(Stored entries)
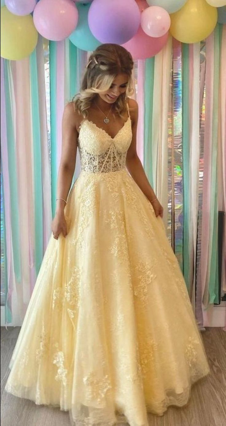 Beautiful Ball Gown Spaghetti Straps Yellow Lace Tulle Long Prom Dresses Inspiration Party Dress Prom Gowns HZ0311
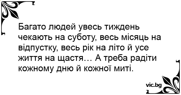 Багато людей увесь тиждень чекають на суботу, весь місяць на відпустку, весь рік на літо й усе життя на щастя… А треба радіти кожному дню й кожної миті.
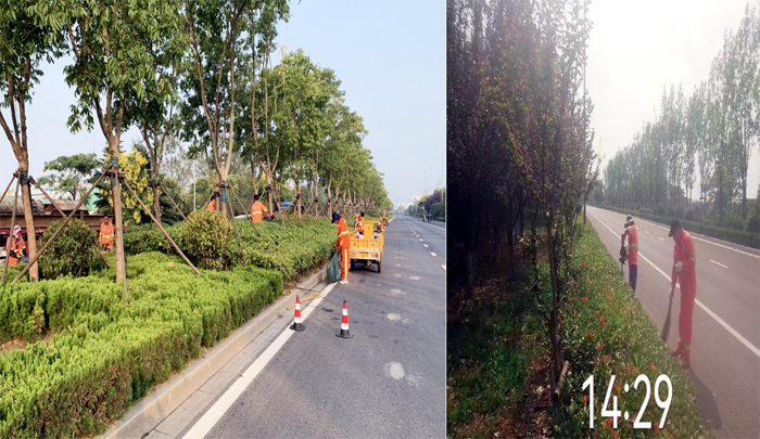 為提高工作效率,該分公司綠化班組在云港路、祥和路核心區(qū)域,采取人機結(jié)合方式,兵分4路同步推進“秋剪”作業(yè)。既:1路,班長帶領(lǐng)工人負責對道路中間球類修剪造型。植物相對茂盛,腳下視野遮擋,工人舉著機器,一步一步往前推進作業(yè)。2路,負責對道路兩側(cè)色帶綠籬安排修剪,及時清理枯樹枝和雜草保持綠化帶干凈整潔。3路,綠化帶內(nèi)高凹不平雜草遮住視野,作業(yè)有點難度,在安全員的帶領(lǐng)下用割灌機負責對道路兩側(cè)密集的雜草進行清理作業(yè)。4路,用掃把和網(wǎng)兜清掃前面一組剪掉的碎葉,保障道路整潔暢通。
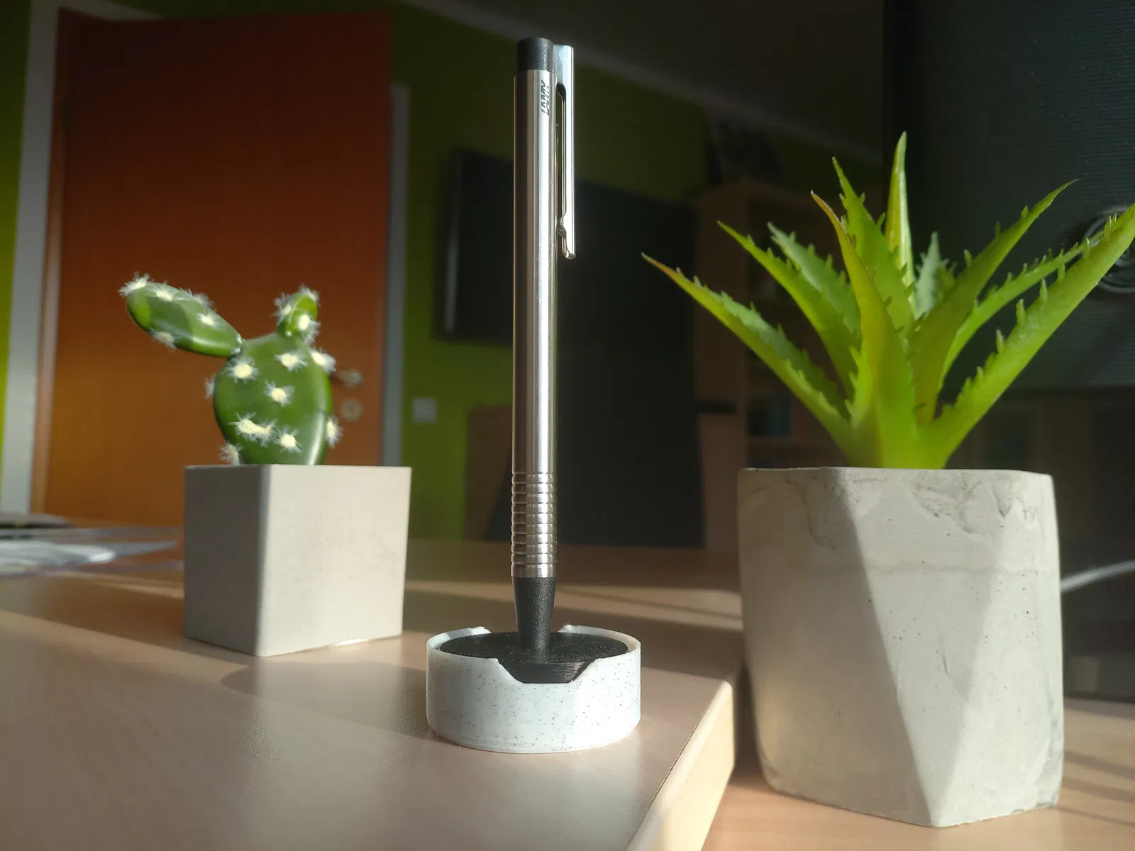 Đây là một đế cắm bút hiện đại, thời trang. Nhờ thiết kế đơn giản, mang hơi hướng tương lai, bàn làm việc của bạn sẽ trông gọn gàng và sạch sẽ.
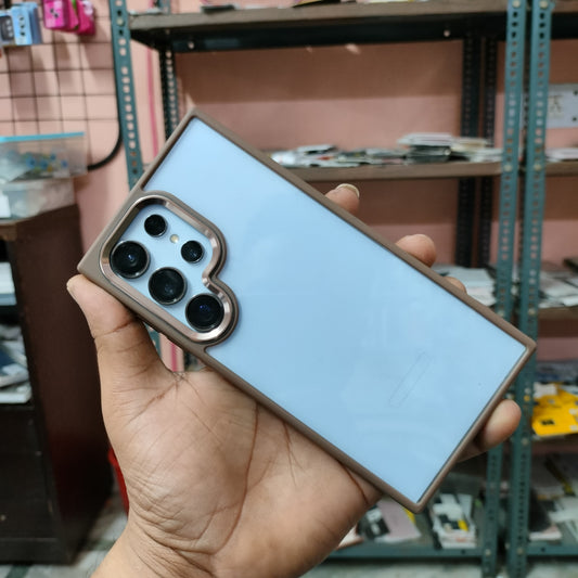 Samsung Galaxy S24 Ultra Transparent Case, Shockproof Hybrid Metal Camera Back Cover Case - Titanium Brown
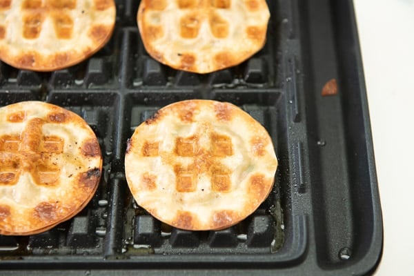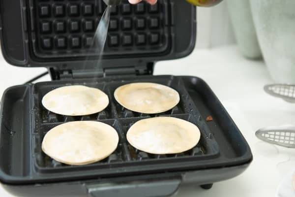- Lightly brush or spray the waffle iron. Place the stuffed wrapper in the waffle iron and brush or spray the top with oil.
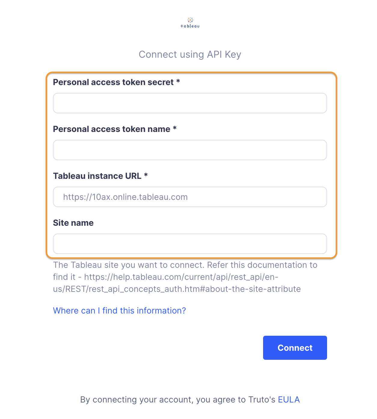 For example, if your Tableau URL is <https://example.online.tableau.com/#/site/sprintodev>, enter <https://example.online.tableau.com> as an instance URL in the field.
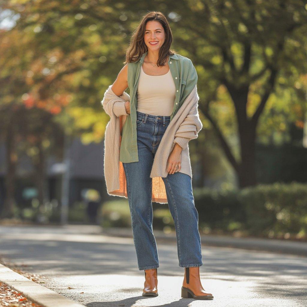 Some days start cool and end warm. That’s when layering helps. I like wearing a simple tank or fitted tee as a base. Over that, I’ll add a lightweight cardigan or an open button-down shirt.
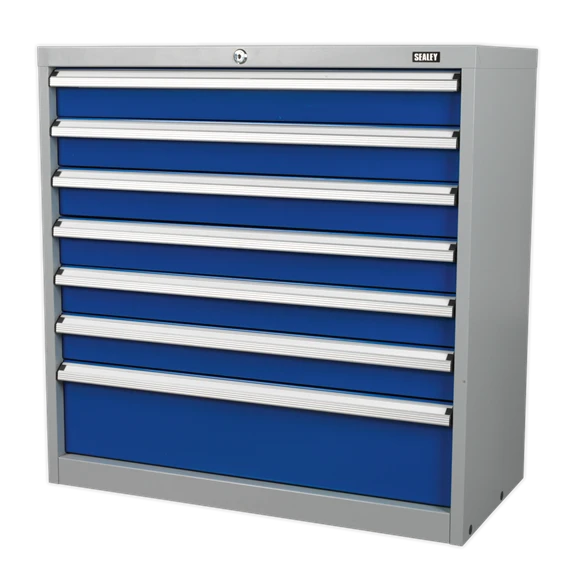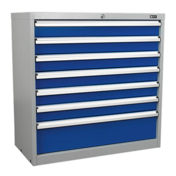 Industrial quality, seven drawer, freestanding cabinet. Drawers run on heavy-duty ball bearing slides with load bearing of up to 75kg and are fitted with safety locking catches. Each drawer is fitted with removable dividers running front to back and then supplied with cross dividers for personalised storage layout. Fitted with high quality lock and two coded keys.
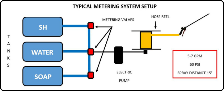 Electric pumps with a pressure switch are ideal for metering, as they can suck the amounts of each chemical needed and simply turn off when the trigger on the wand is released. Additionally, the electric pumps used for metering are quiet and can be used in residential neighborhoods that have noise restrictions during early morning and late evening hours.
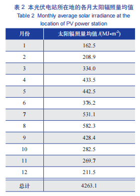從表 2 可以看出:本光伏電站所在地的全年總太陽(yáng)輻照量為4263.1MJ/平方米 。
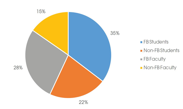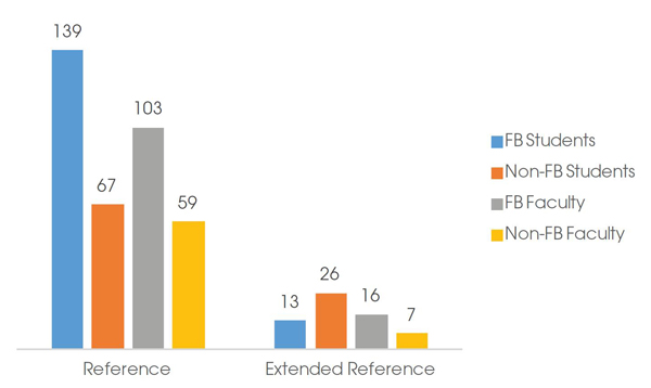 Data analysis demonstrates that a correlation between reference interactions and personal friending on Facebook does exist. Although only a minority of the Conservatory of Music population were Facebook friends with the performing arts librarian, this group accounted for the majority of reference interactions. The chi square test was used to determine that these results were significant, χ2 (1, N = 430) = 103.64, p < .001. Statistics for student friends were quite consistent with the overall findings of this study with 62.04 percent of student interactions occurring from only 39.58 percent of the student population. This was also significant, χ2 (1, N = 245) = 51.63, p< .001. Interestingly, the disparity increases even more for faculty as 64.32 percent of faculty interaction occurred with only 27.78 percent of the faculty population, χ2 (1, N = 185) = 123, p < .001.
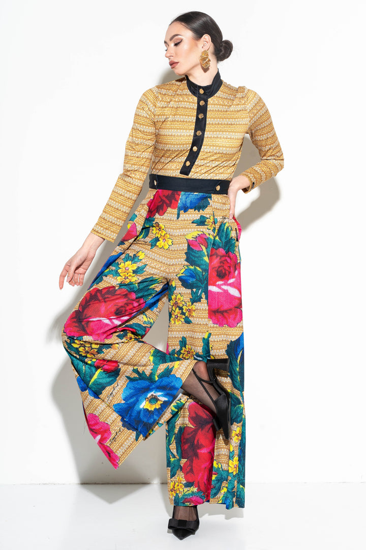 Hosszú és bő szárú, magas derekú nadrág. Háta közepén zipzárral nyitható, derékpántja az elején két arany színű gombbal díszített. A bal zsebhez SUGARBIRD feliratú címkét varrtunk.
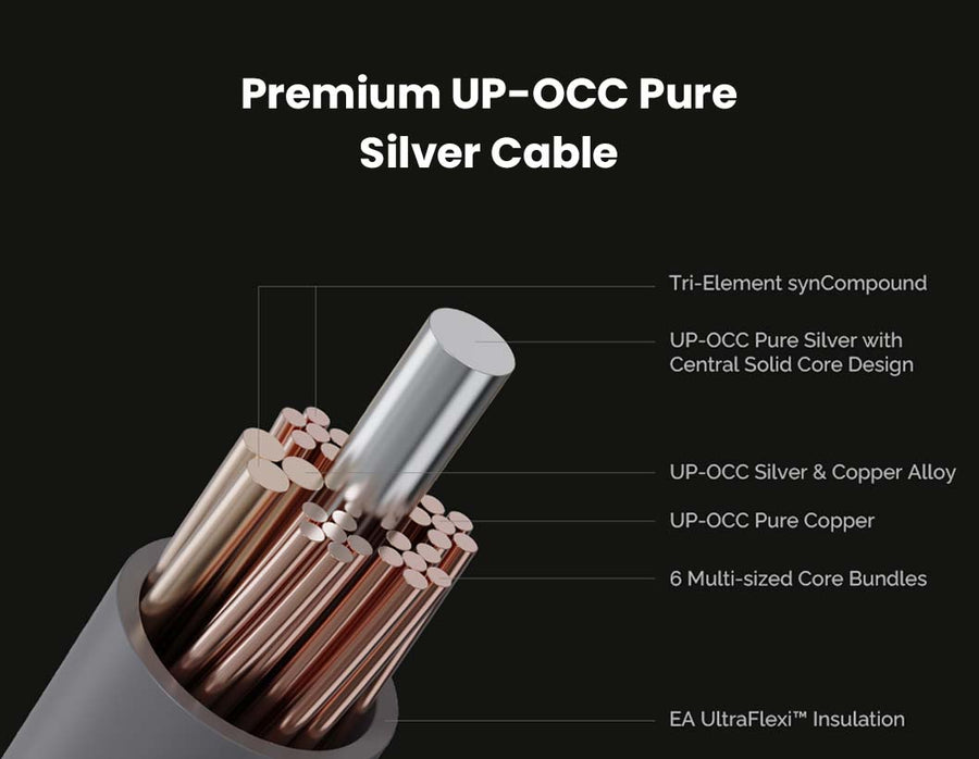Built with UP-OCC pure silver and a central solid core design, the Eros S II introduces the advanced Solid Core Technology from the CODE Series. This design replaces multi-stranded conductors with a single, seamless wire, ensuring lower resistance and minimal signal loss at high frequencies, delivering a cleaner and more consistent audio experience.
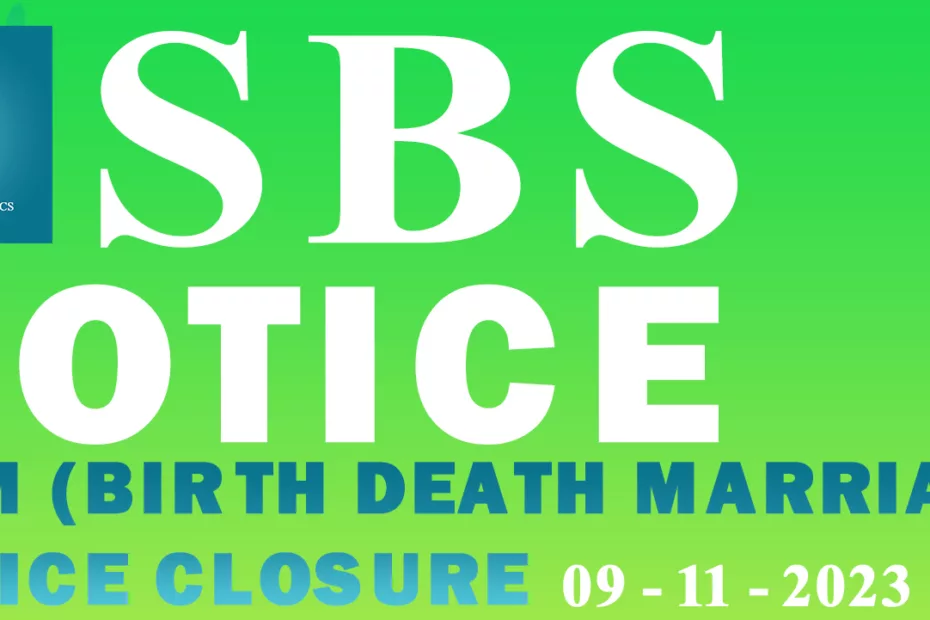 NOTICE: BDM (Birth Death Marriage) Office Closure | 09-11-2023 Dear valued customers, We wish to inform you that the Birth, Death, and Marriage (BDM) office will be closed today, effective from 12:00 PM. We apologize for any inconvenience this may cause and appreciate your understanding.… Read More »BDM (Birth Death Marriage) Office Closure | 09-11-2023
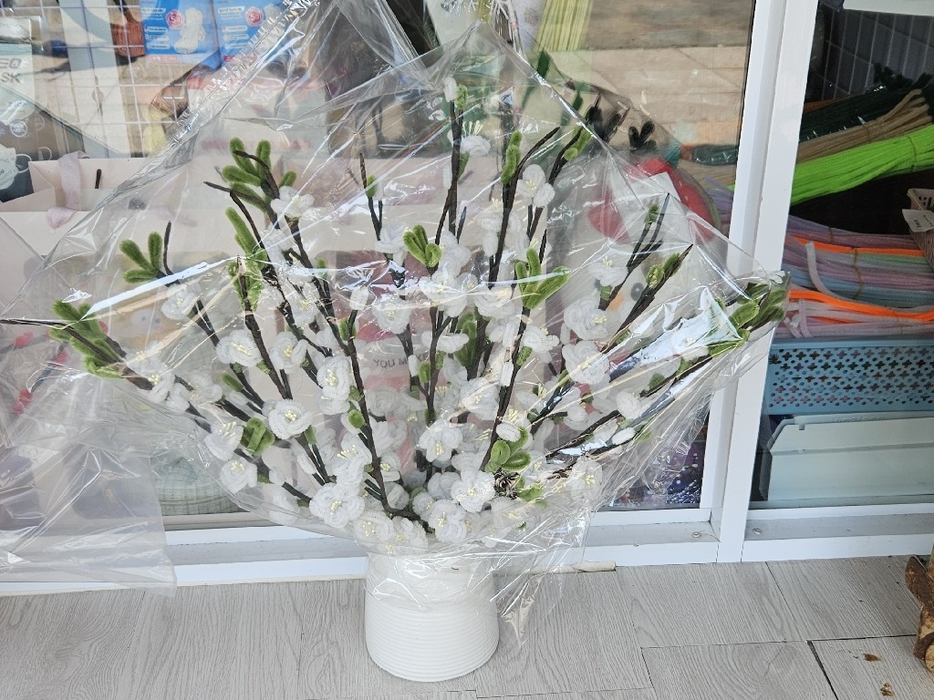 Chậu hoa đào trắng, đỏ nhỏ
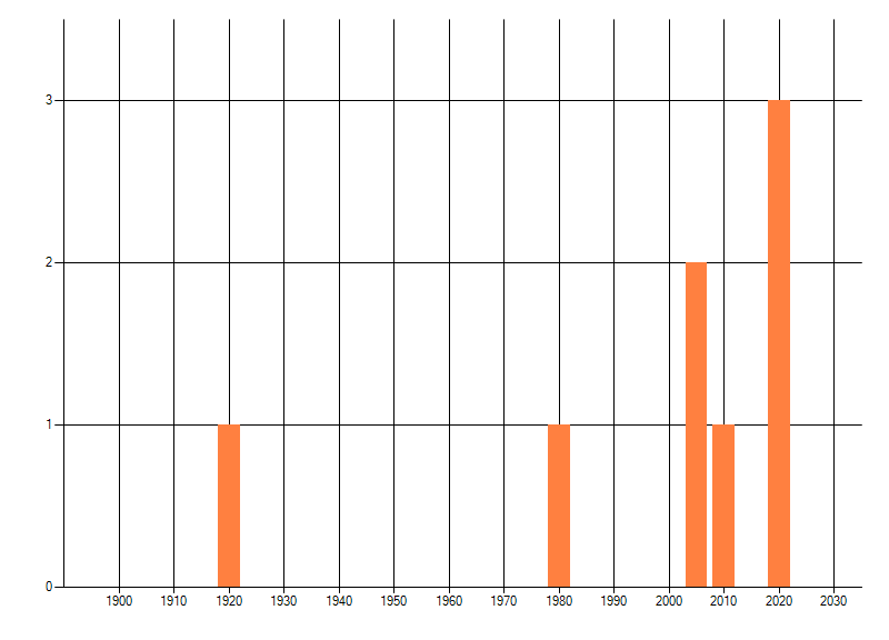 Het aantal atlasblokken (5x5 km) waarin de soort is gemeld binnen een periode van vijf jaar (vanaf 1980) of twintig jaar. Niet gecorrigeerd voor waarnemersinspanning en het aantal doorgegeven waarnemingen kan sterk variëren per periode, dus een trend in verspreiding kan hier niet direct uit worden afgelezen. Het opgegeven jaartal is het eerste jaar van de periode. Bron: gevalideerde waarnemingen uit de NDFF.

WHAT YOU HAVE TO DO
Each line from the one containing "NOTICE: BDM (Birth" through the final line of the data must be reproduced exactly, both ends included, with no pictures in the copy.

OUTPUT OF THE TASK
 NOTICE: BDM (Birth Death Marriage) Office Closure | 09-11-2023 Dear valued customers, We wish to inform you that the Birth, Death, and Marriage (BDM) office will be closed today, effective from 12:00 PM. We apologize for any inconvenience this may cause and appreciate your understanding.… Read More »BDM (Birth Death Marriage) Office Closure | 09-11-2023
 Chậu hoa đào trắng, đỏ nhỏ
 Het aantal atlasblokken (5x5 km) waarin de soort is gemeld binnen een periode van vijf jaar (vanaf 1980) of twintig jaar. Niet gecorrigeerd voor waarnemersinspanning en het aantal doorgegeven waarnemingen kan sterk variëren per periode, dus een trend in verspreiding kan hier niet direct uit worden afgelezen. Het opgegeven jaartal is het eerste jaar van de periode. Bron: gevalideerde waarnemingen uit de NDFF.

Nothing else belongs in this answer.